"I know, but—well. You and he had a run-in so...."

"That's done with," said the Admiral. "I shouldn't have been handling his runabout anyhow." He stopped a moment, then went on. "You know. We could clean up this whole situation if we could only get Webster down on Uranian soil, say right in the middle of Central City. Damn. Can you imagine what would happen?" He fingered his mouth reminiscently.

The others tried to imagine it, and couldn't. So they got back to work listing the crew.

At dawn the Sirius took off. A hundred thousand miles short of Uranus she swung into an orbit around the planet. That was close enough.

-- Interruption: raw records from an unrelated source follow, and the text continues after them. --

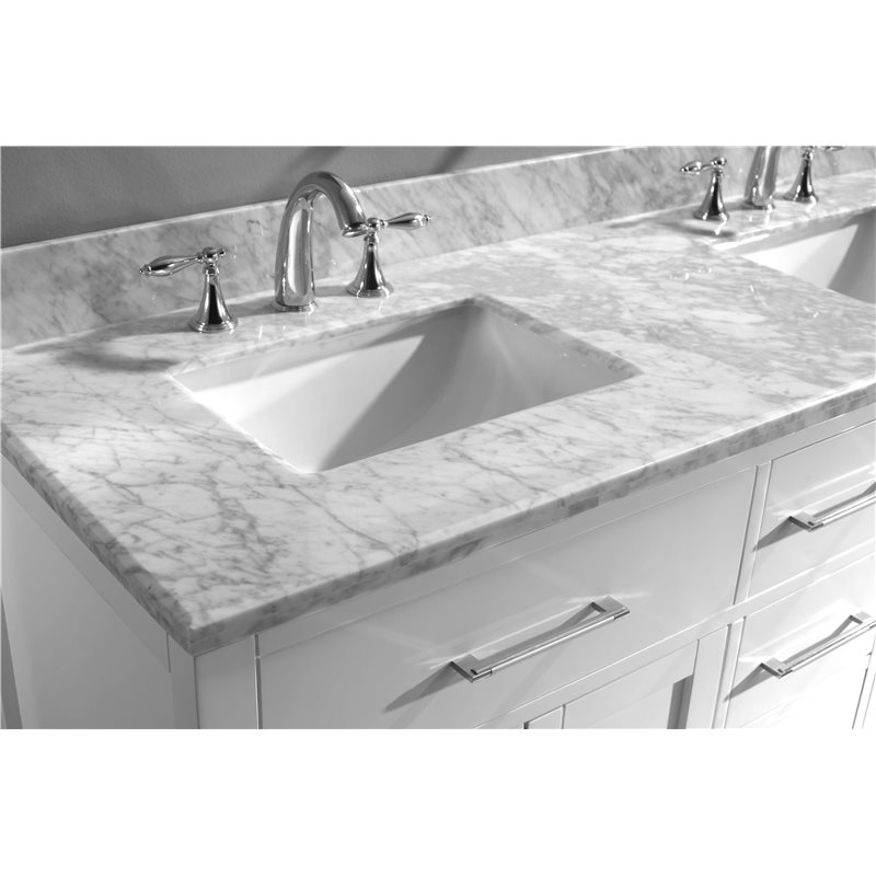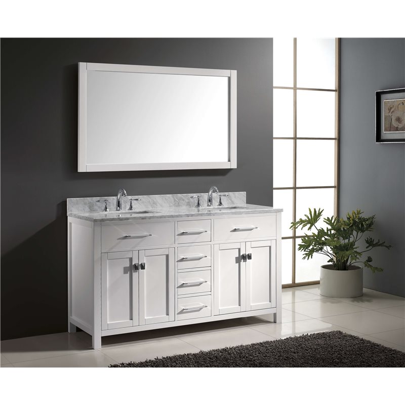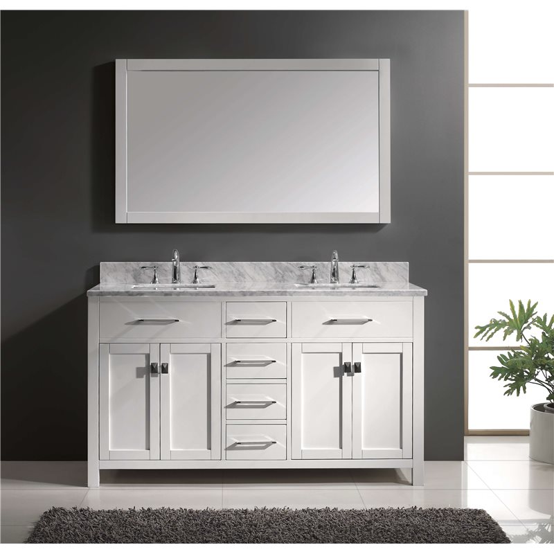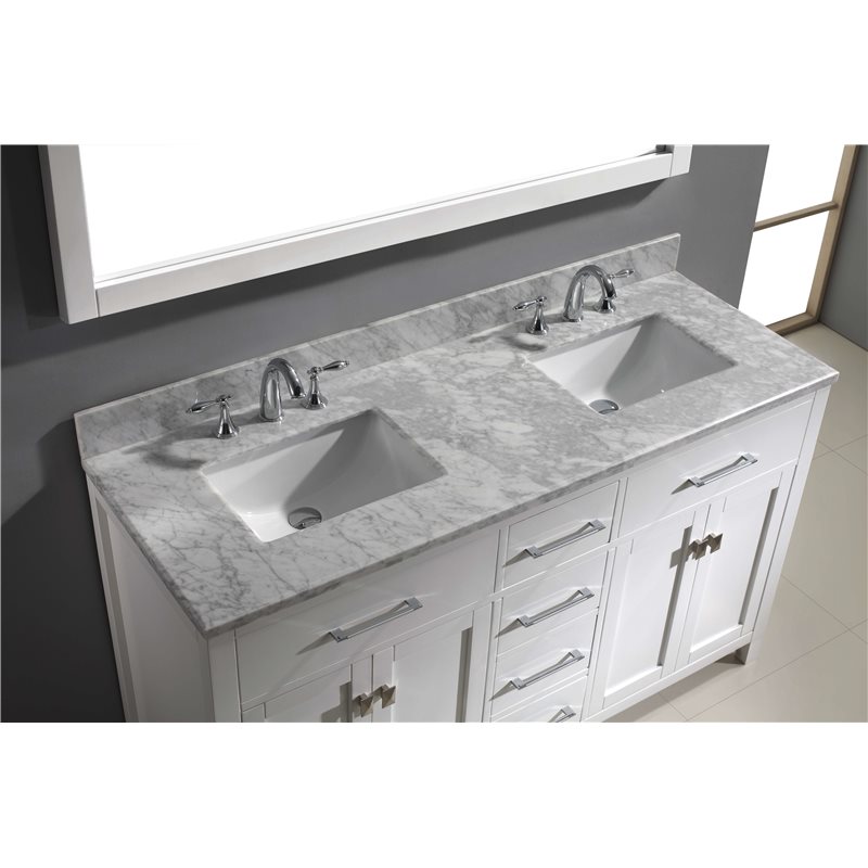 The Caroline collection has a beautiful, clean design that will rejuvenate any bathroom. It is constructed from a high quality solid oak wood, finished in an elegant white and equipped with state of the art, soft closing door and drawer technology. Take notice in the beautiful Italian Carrara White Marble that's sheer size alone with guarantee that it will outlast the rest.Virtu USA has taken the initiative by changing the vanity industry and adding soft closing doors and drawers to their entire product line. The premium soft-closing hardware not only increases the safety of the vanity, but also its lifetime reliability.Specifications: • Maximum Dimension: 60 in. W x 22 in. D x 34.21 in. H • Main Cabinet (1): 59.2 in. W x 21.7 in. D x 33.46 in. H • Full Framed Mirror (1): 59.1 in. W x 31.5 in. H • Backsplash (1): 60 in. W x 0.6 in. D x 3.9 in. H Features: • Italian Carrara White Marble Countertop • 0.75 in. countertop edge thickness • White Cabinet Finish • White Full Framed Mirror finish • Solid Oak Wood • Water Resistant Low V.O.C Sealer • Adjustable hinges and slides • 4 Doors with Concealed Hinges • 4 Drawers with Soft Closing Hinges • Designer Chrome Handles with Satin Nickel Highlights & Brushed Nickel Knobs • Under-mount ceramic basin with overflow • Standard 8-inch Widespread Pre-Drilled Holes • Faucet sold separately • Minimal assembly required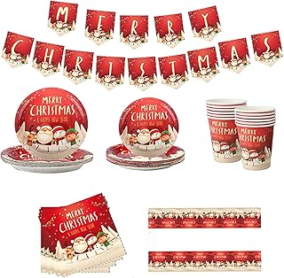 Christmas Party Tableware Set 16 Guests,Xmas Table Decorations Disposable Dinner..
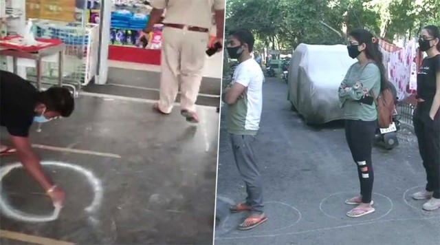 Mumbai: Inspired by photos outside a mall in China where the management drew circles on the floor to maintain social distancing to curb coronavirus spread, people in parts of Maharashtra have started implementing the same.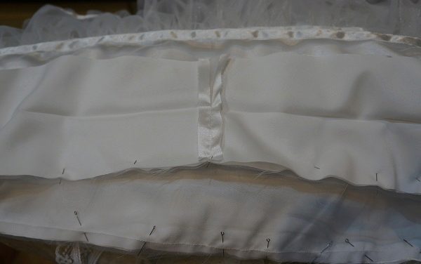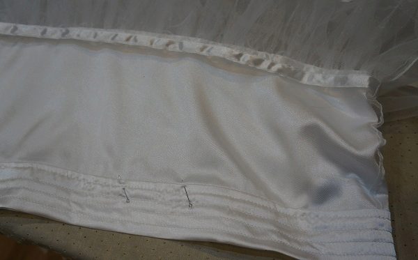In order not to be confused all the day in the multi-layered skirts of a magnificent wedding dress, we will sew a petticoat on the rings.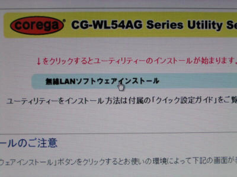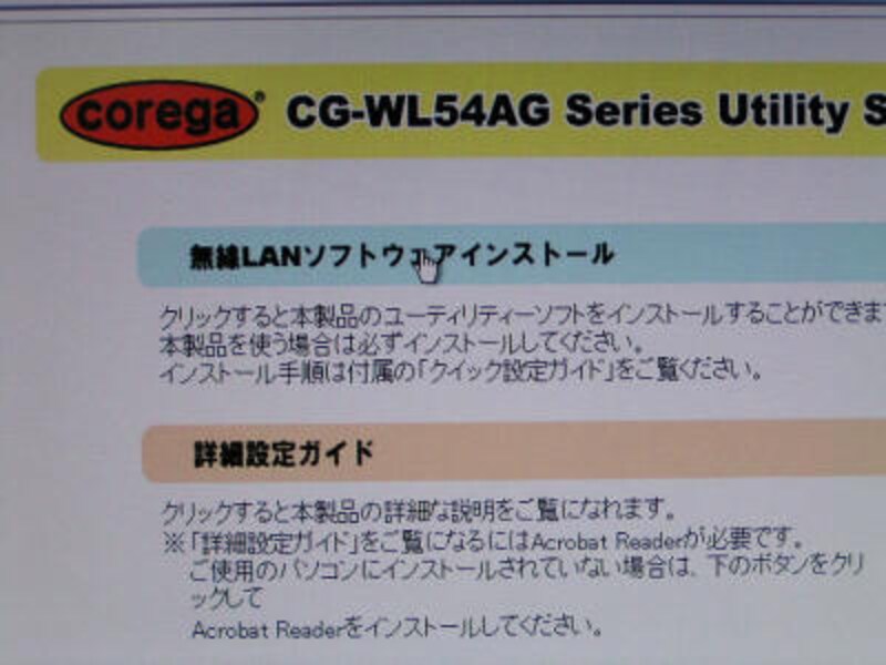 それでは、インストールは簡単かをチェックしてみましょう。本製品には、ルータ設定用のCD-ROMと無線子機側のCD-ROMが付属しています。後者には、無線LANカードのドライバとユーティリティが入っています。Windowsにも、子機側を独自に制御する機構がありますが、今回はメーカからのユーティリティを利用してみます。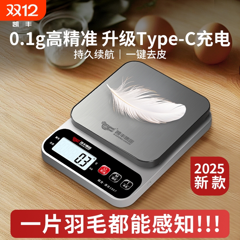 凯丰高精度电子秤厨房精准0.1g克秤家用小型烘焙克重称食物秤称重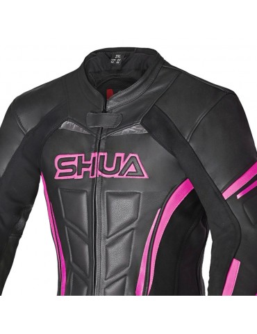 Mono SHUA 2 PC Infinity Lady negro / fucsia. Presentado en llamativos colores y meticulosamente diseñado para los entusiastas de las motocicletas. Promete una comodidad, flexibilidad y seguridad inigualables para los motociclistas.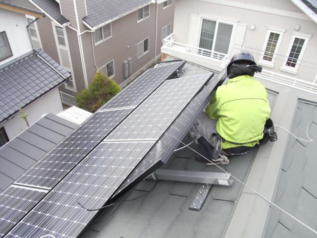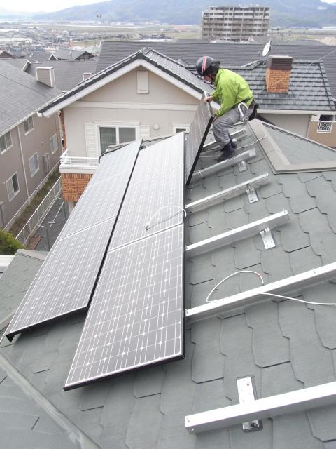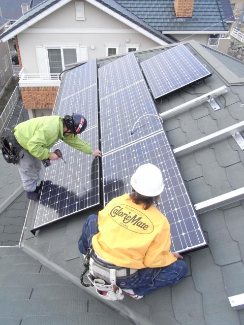 太陽光発電, 施工事例 2011年12月25日インターネットでお問合せ頂いたお客様宅のサンヨーHIT太陽光発電システムの工事です。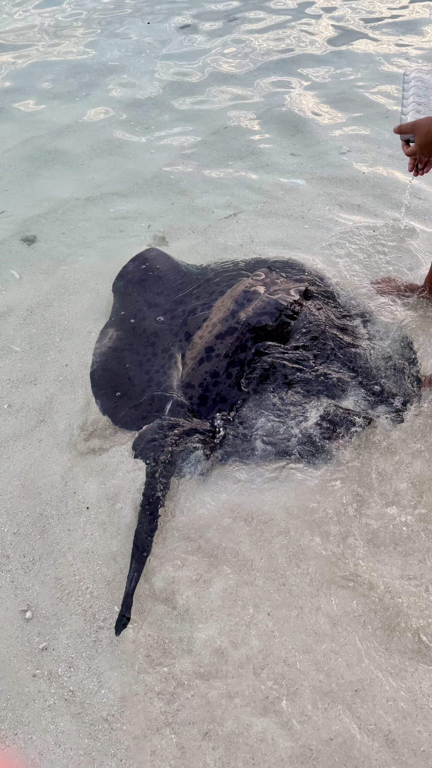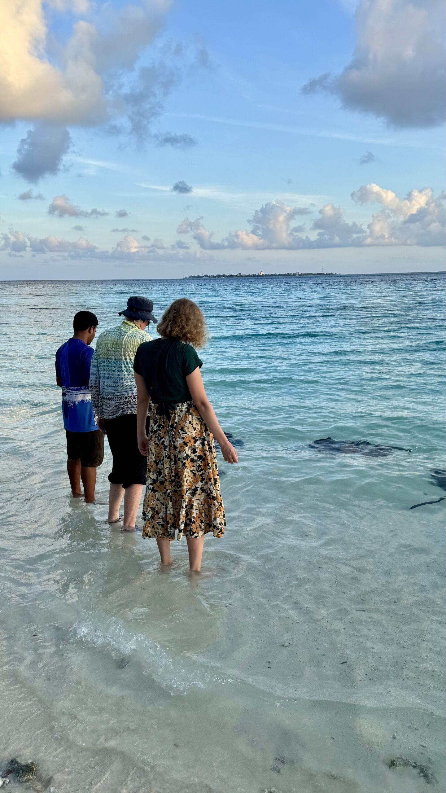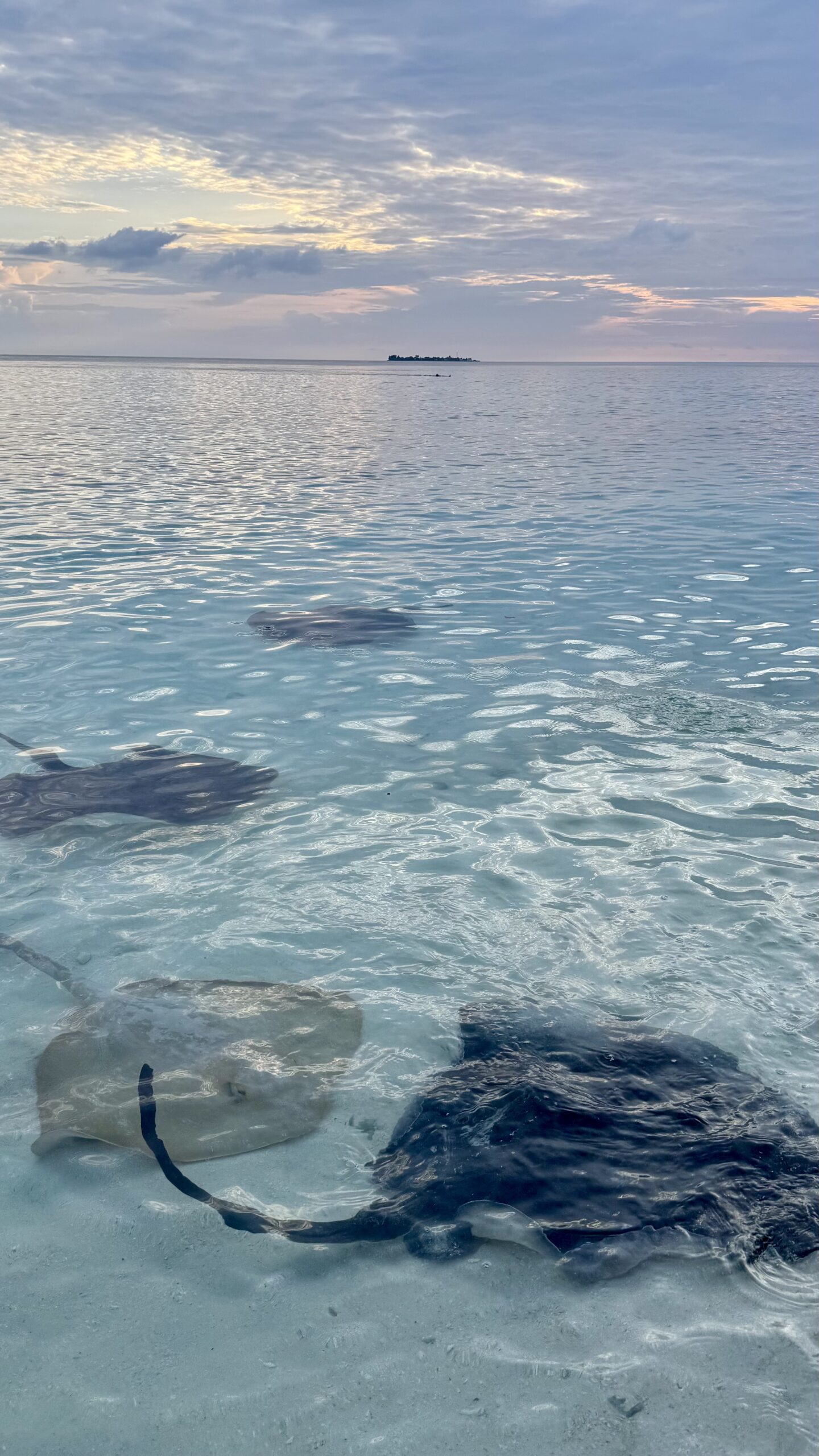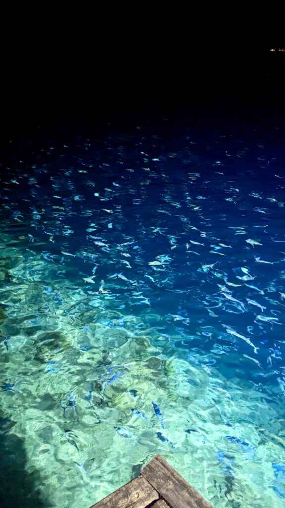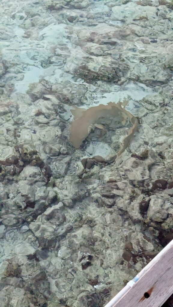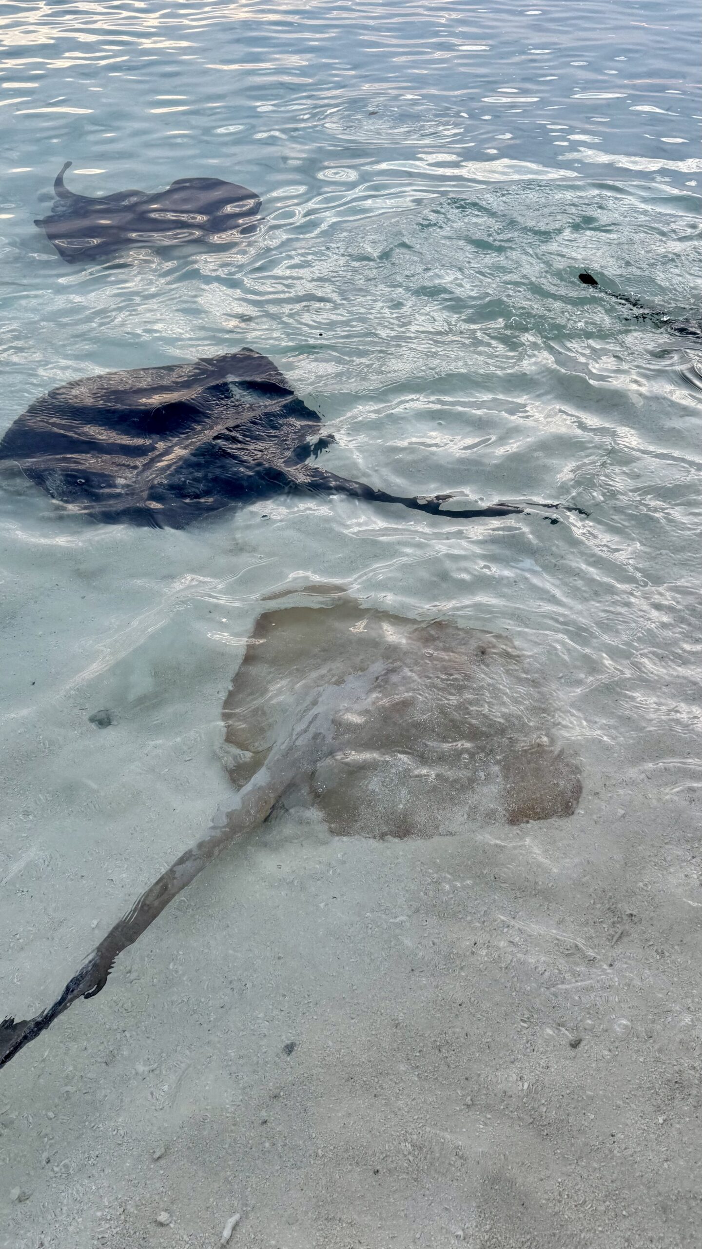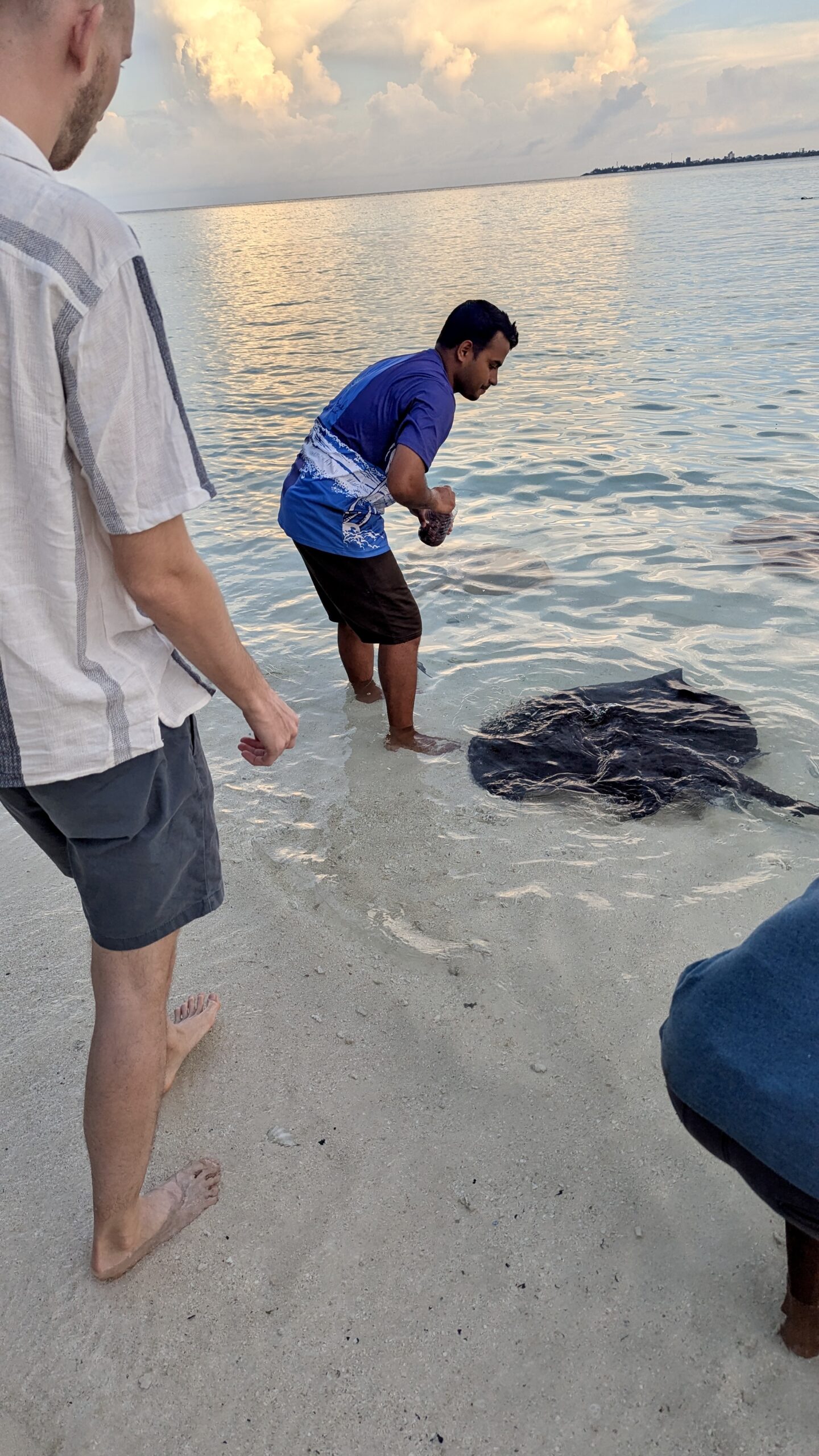 Zunächst machten wir uns aber auf den Weg zur Stachelrochen-Fütterung. Jeden Abend bringen die Köche an einem bestimmten Strandabschnitt die Fischreste des Tages und verfüttern sie an die Rochen. Man kann den Tieren dabei ganz nah kommen: Wenn man die Hand mit Futter ins Wasser hält, schwimmen sie heran, gleiten sanft darüber und saugen die Nahrung ein, bevor sie wieder davongleiten.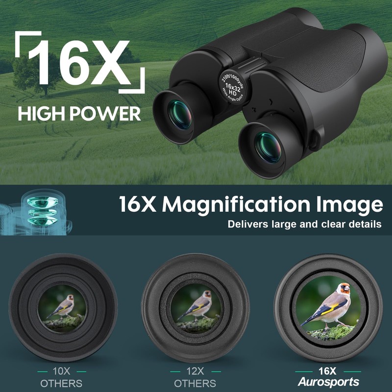 Aurosports Aurosports 16x32 Compact Binoculars for Adults and Kids - High Powered Small Binoculars with Low Light Vision - Easy Focus Lightweight Binoculars for Bird Watching Hunting Travel Hiking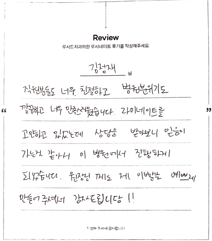 김정재님 루시드치과 루시네이트 자필 후기 입니다.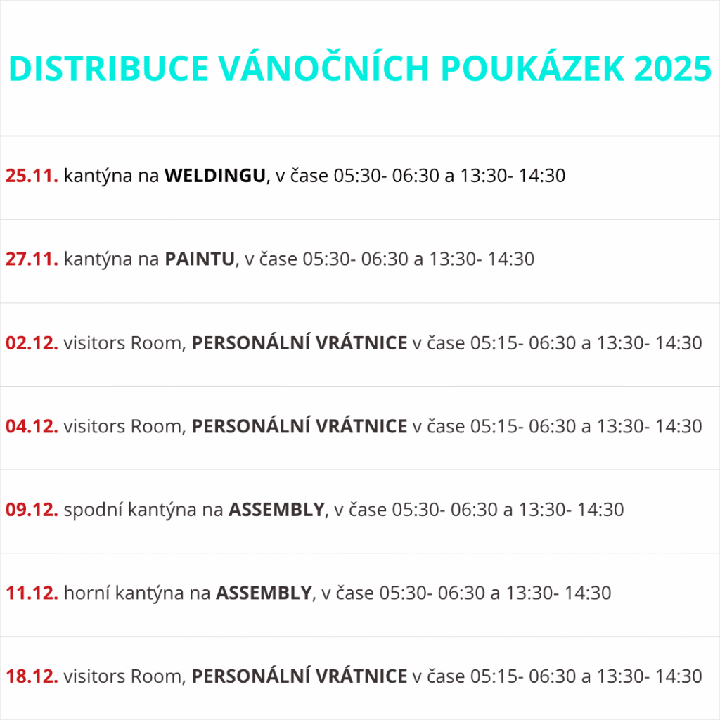 01/12/2025 Pro letošní rok by mělo jít o odstávky již poslední.. A to tentokráte v pondělí 08.12. pro všechny tři směny, a nakonec neproběhne ani předsunutá noční směna v neděli dne 14.12.2025.

Two hours later the remote-controlled gig was ready. All hands watched it flash away from the mother ship, gathering speed every millisecond, set on a course that would carry it within fifty miles of the rim of Uranus.

Webster sat tensely at a visi-scope in the Sirius. Maybe he'd see something that would crystalize the formless thought within him. More than ever he felt he had the answer right at his fingertips. But he couldn't drag it out.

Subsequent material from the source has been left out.